Artificial intelligence governance is rapidly becoming one of the defining compliance challenges facing businesses and regulators worldwide, according to Artem Romanov, Senior Compliance Manager, Freedom Holding Corp., AI Compliance Committee Member, Compliance and Business Ethics Association.
Speaking at the 12th International Compliance Forum, presented by ECOMMBX, Romanov delivered a presentation titled ‘Trustworthy AI Is a Compliance Problem - Not a Technical One,’ arguing that organisations can no longer treat AI oversight as solely an engineering issue.
“Engineers can build the model,” Romanov said. “They cannot decide who is accountable when it harms someone.”
He noted that courts and regulators are increasingly placing responsibility on the organisations deploying AI systems, rather than on the technology itself.
Romanov opened his presentation by pointing to the accelerating pace of AI-related incidents compared with the slower development of governance frameworks.
Citing data from the Stanford AI Index Reports 2025 and 2026, he said documented AI incidents increased from 233 in 2024 to 362 in 2025, representing year-on-year growth of 56.4%.
At the same time, the percentage of organisations rating their AI incident response capabilities as “excellent” reportedly fell from 28% to 18%, while the share of organisations experiencing three to five AI incidents annually rose from 30% to 50%.
“We are deploying AI faster than we are learning to govern it,” Romanov warned.
Throughout the presentation, he used a series of high-profile legal and regulatory cases to demonstrate how AI-related accountability is increasingly being tested in courts and enforcement actions.
One example involved the Canadian case Moffatt v. Air Canada, in which a chatbot incorrectly informed a customer that bereavement fares could be applied retroactively. Romanov noted that Air Canada attempted to argue that the chatbot was “a separate legal entity,” but the tribunal rejected that argument and awarded compensation.
“There is no AI shield in commercial law,” Romanov said. “You own your AI.”
He also referenced the EEOC v. iTutorGroup case in the United States, described as the first AI hiring discrimination settlement, where AI software automatically rejected female applicants aged 55 and above and male applicants aged 60 and above before any human review.
According to Romanov, the case highlighted how algorithmic discrimination can create substantial legal exposure for employers and technology providers alike.
Another major case discussed was Mobley v. Workday, which Romanov said marked a significant shift towards vendor liability in AI governance.
He explained that the lawsuit challenged AI-driven recruitment tools after a job applicant over the age of 40 alleged repeated rejections through automated hiring systems.
“Procurement of AI is a compliance act,” Romanov said. “Vendors can be agents. Contracts are exposure caps.”

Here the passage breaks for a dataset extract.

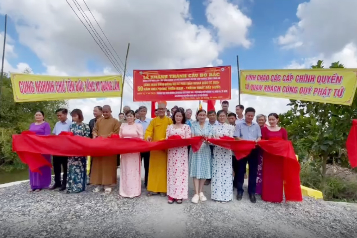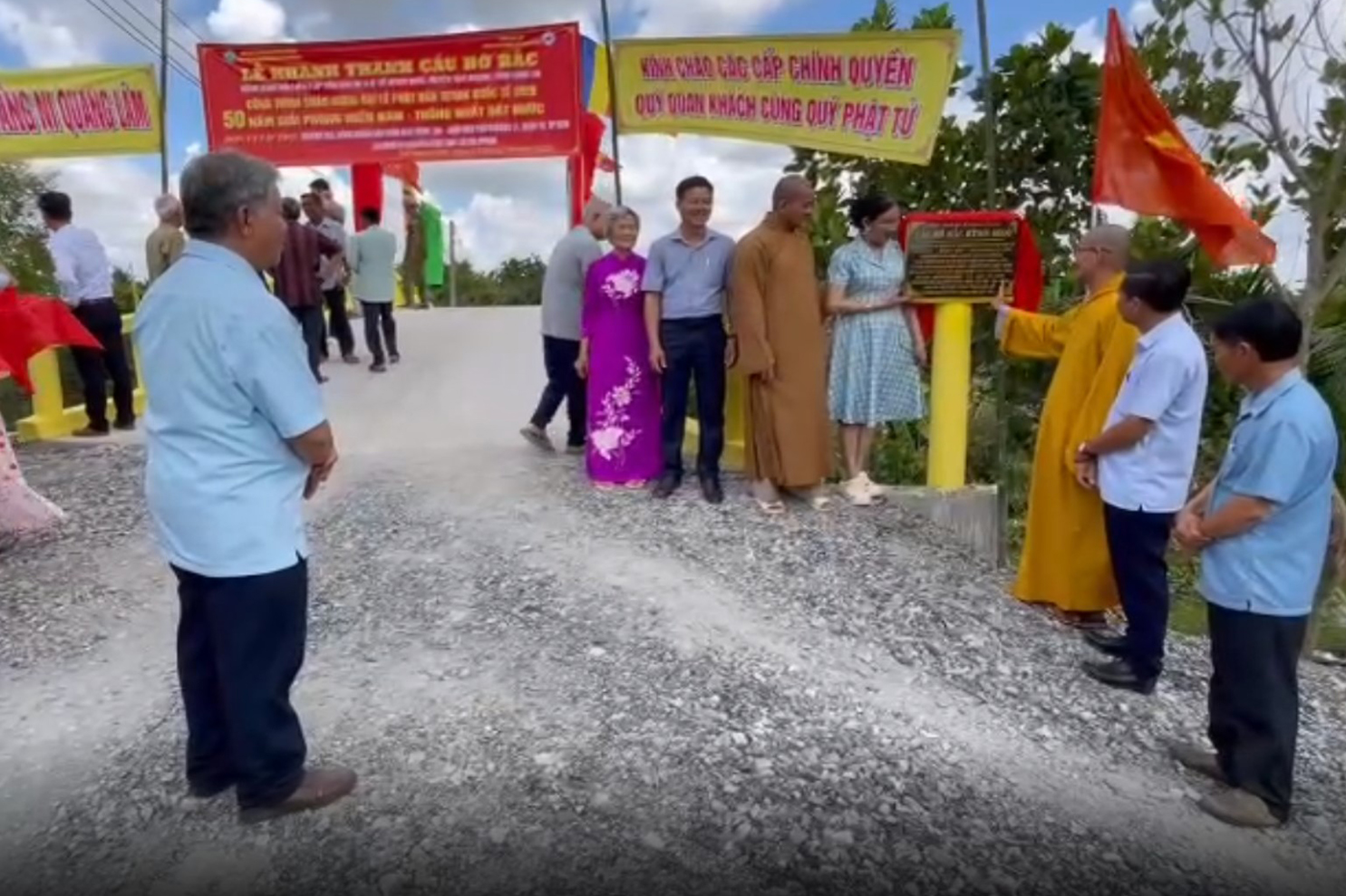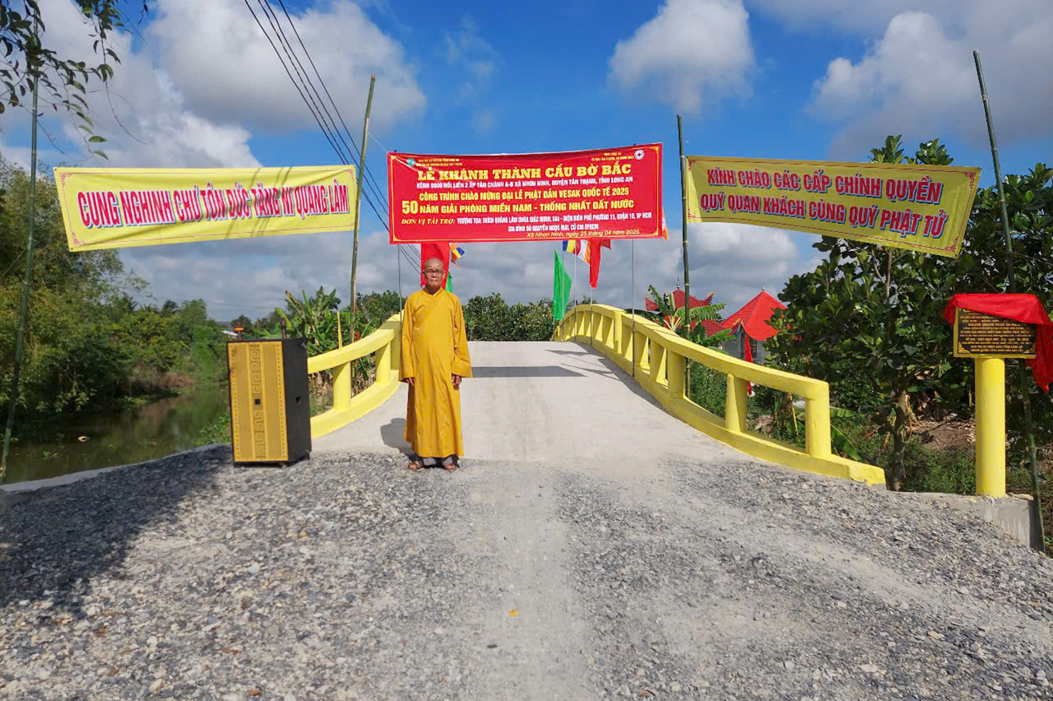 Phát biểu tại lễ khánh thành, Thượng tọa Thích Lệ Tấn cho biết cầu bờ Bắc kênh 6000 xây dựng bằng bê tông cốt thép, dài 21 m, rộng 3.5 m, tổng trị giá 500.000.000 (năm trăm triệu đồng) do Đại đức Thích Quảng Lâm, Ủy viên Hội đồng Trị sự, Phó Trưởng ban Từ thiện Xã hội Trung ương GHPGVN, trụ trì chùa Giác Minh, Tp HCM, Đại đức Thích Lệ Duyên, bà Nguyễn Ngọc Mai, huyện Củ Chi, Tp HCM tài trợ chính. Thượng tọa cũng cho biết công trình này, hướng đến kính mừng Đại lễ Phật đản Vesak PL.2569 và chào mừng kỷ niệm 50 giải phóng miền Nam, thống nhất đất nước

Romanov also focused heavily on regulatory developments surrounding generative AI and data protection.
He referenced enforcement action by Italy’s data protection authority against OpenAI, which cited concerns including lack of lawful basis for data processing, inadequate transparency and insufficient age verification safeguards.
In addition, he highlighted a series of GDPR-related enforcement actions involving Clearview AI across multiple European jurisdictions, with combined penalties approaching €95 million.
Even where fines are not fully enforced, Romanov argued that they still reshape markets by influencing procurement decisions, insurance pricing and shareholder scrutiny.
“Your vendor’s exposure is your exposure,” he told delegates.
The presentation also examined the rapid transition from voluntary AI ethics frameworks to mandatory AI compliance obligations.
Romanov cited several emerging international frameworks and regulatory initiatives, including the EU AI Act, the Council of Europe AI Convention, ISO/IEC 42001, the NIST AI Risk Management Framework, DORA and updated financial sector guidance from regulators.
“For a financial holding group: three regulators, one model,” he noted.
Despite the growing compliance burden, Romanov argued that governance should not be viewed as an obstacle to innovation.
“Compliance is not the brake. Compliance is the gearbox,” he said.
He pointed to Gartner research suggesting that organisations with mature AI governance programmes are significantly more likely to achieve strong governance and AI effectiveness outcomes.
Romanov also argued that well-designed compliance structures can accelerate deployment by enabling faster approvals, stronger internal trust and improved investment confidence.
He noted that ISO/IEC 42001 certification is increasingly becoming a procurement requirement among major enterprise technology providers and buyers.
Concluding the presentation, Romanov outlined three immediate actions for compliance teams.
The first was to inventory every AI system operating within an organisation, arguing that companies “cannot govern what they cannot see.”
The second was to elevate AI oversight to board-level accountability, particularly as regulators increasingly expect governance structures at the highest organisational level.
The third was to treat ISO/IEC 42001 certification as a procurement requirement rather than a box-ticking exercise.
“These are not the goals,” Romanov said. “These are the starting line.”